O Hóspede Indesejado

A casa daquele homem era muito agradável e arejada, com as portas e janelas sempre destrancadas. Em uma tarde, enquanto descansava, alguém bateu à porta...

- Quem bate?

- É o Medo... Preciso conversar com você.

O homem não conhecia Medo nenhum; nenhum parente, amigo, vizinho, ninguém com aquele nome em suas relações... deveria ser algum vendedor, cobrador não era, pois estava com todas as suas contas em dia.  Correu então até a porta, e a trancou.

- Vá embora Medo, não te conheço, estou ocupado, e não quero comprar nada.

No dia seguinte, na parte da manhã, o homem ouviu batidas na porta dos fundos.

- Quem bate na minha porta?

- É o  Medo... Preciso muito trocar algumas palavras com você.

- Não é possível isso - falou o homem - já lhe disse para ir embora da minha casa, não quero conversar com você; não te conheço, não estou disponível para conversa fiada, suma de minha residência.

Muito aborrecido, dirigiu-se à porta dos fundos e a trancou também.

Assim foi durante toda aquela semana; o Medo chegava e batia, e o homem pouco a pouco foi fechando todas as portas, janelas, basculantes, cortinas, persianas... de forma que, algum tempo depois, todas as entradas de sua casa estavam completamente fechadas, e ele lá dentro, completamente isolado do mundo exterior, bem como, segundo o seu entendimento, definitivamente livre daquele inconveniente Medo.

Durante muito tempo o Medo não bateu mais; sentia-se agora aquele homem bastante seguro, tudo muito bem trancado, vivia com relativa tranquilidade, fechado em sua casa, transformada por ele mesmo, em uma inexpugnável fortaleza de sua pseudo segurança.

Numa noite com chuva, fortes ventanias, raios e trovoadas ele ouviu novamente a batida...

- Quem bate?

- Sou eu homem de Deus, o Medo...

Completamente confiante no interior de sua cidadela, percebendo que o Medo não conseguiria entrar de forma nenhuma, fazendo mesmo troça, indagou dele mais uma vez...

- Senhor Medo... você deve ser mesmo um tolo, ou quem sabe um louco.

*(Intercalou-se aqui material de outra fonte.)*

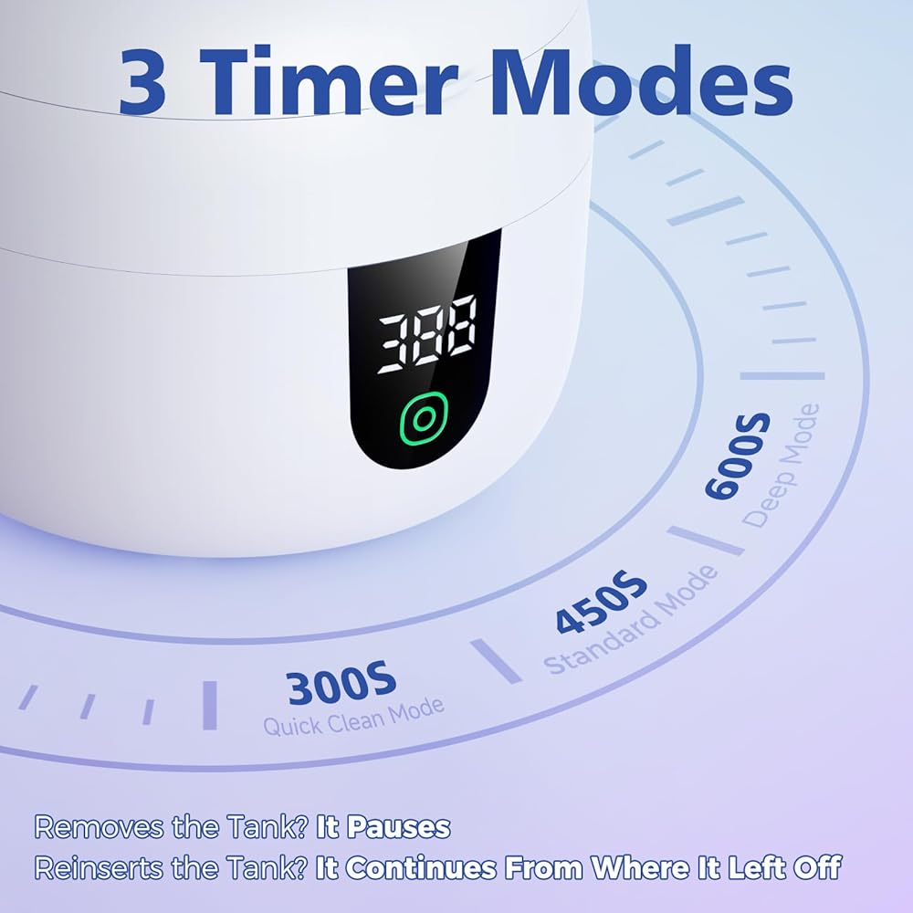Touch Control for Easy Pause and Resume: Simply touch the display screen to turn the cleaner on/off, with a digital display showing the remaining cleaning time. Choose between 300s, 450s, or 600s cycles to suit your needs. Lift the inner tank to pause the cleaning and resume when put it back.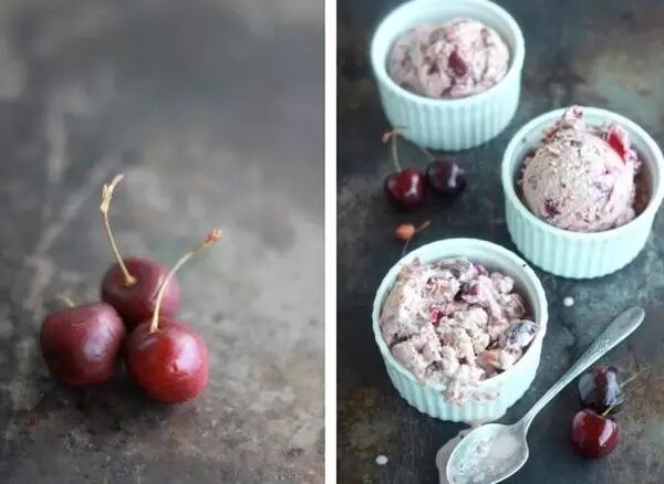 冰淇淋主要食材:全脂椰奶 1杯、低糖椰奶 1杯、糖 3/4杯、樱桃萃取物 1茶匙、去核的冰樱桃 1杯、莱姆汁 1茶匙

Bater à minha porta numa noite como esta. O que você afinal de contas deseja tanto de mim?

- Desejo simplesmente sair...

- Sair de onde?

- Sair da fortaleza de isolamento onde me encontro, a fim de conversarmos.

O homem achou que o Medo estivesse blefando com ele; não poderia jamais ter entrado, a casa estava muito bem fechada.

- Onde fica esta tal fortaleza Medo?

- Fica onde sempre esteve Senhor... desde o princípio, desde o dia do seu nascimento...

- Por favor Medo, pare de rasgar seda e seja direto: Onde você está afinal de contas?

- Estou dentro de você Senhor, e desejo muito sair.

Grande foi o espanto daquele homem, trancado dentro de sua própria casa, sem nenhum contato com o mundo exterior, completamente isolado naquela noite tão escura, sentindo algo pavoroso e paralisante, não tendo mesmo a quem recorrer, não conseguindo mesmo fugir... fugir daquele sentimento, fugir do seu próprio medo.

Naquela noite fria e chuvosa, imenso foi o seu desamparo, infinita foi a sua dor, chorando solitariamente em um canto de sua própria casa, tendo a consciência, finalmente, de que era ele o carcereiro e ao mesmo tempo o prisioneiro de seu próprio e desconhecido medo.

Comentários

  1. Querido Agricultor Urbano, hoje você conseguiu se superar! Fluidez e clareza para explicar de modo lúdico, um momento crucial do autoconhecimento! Bravo!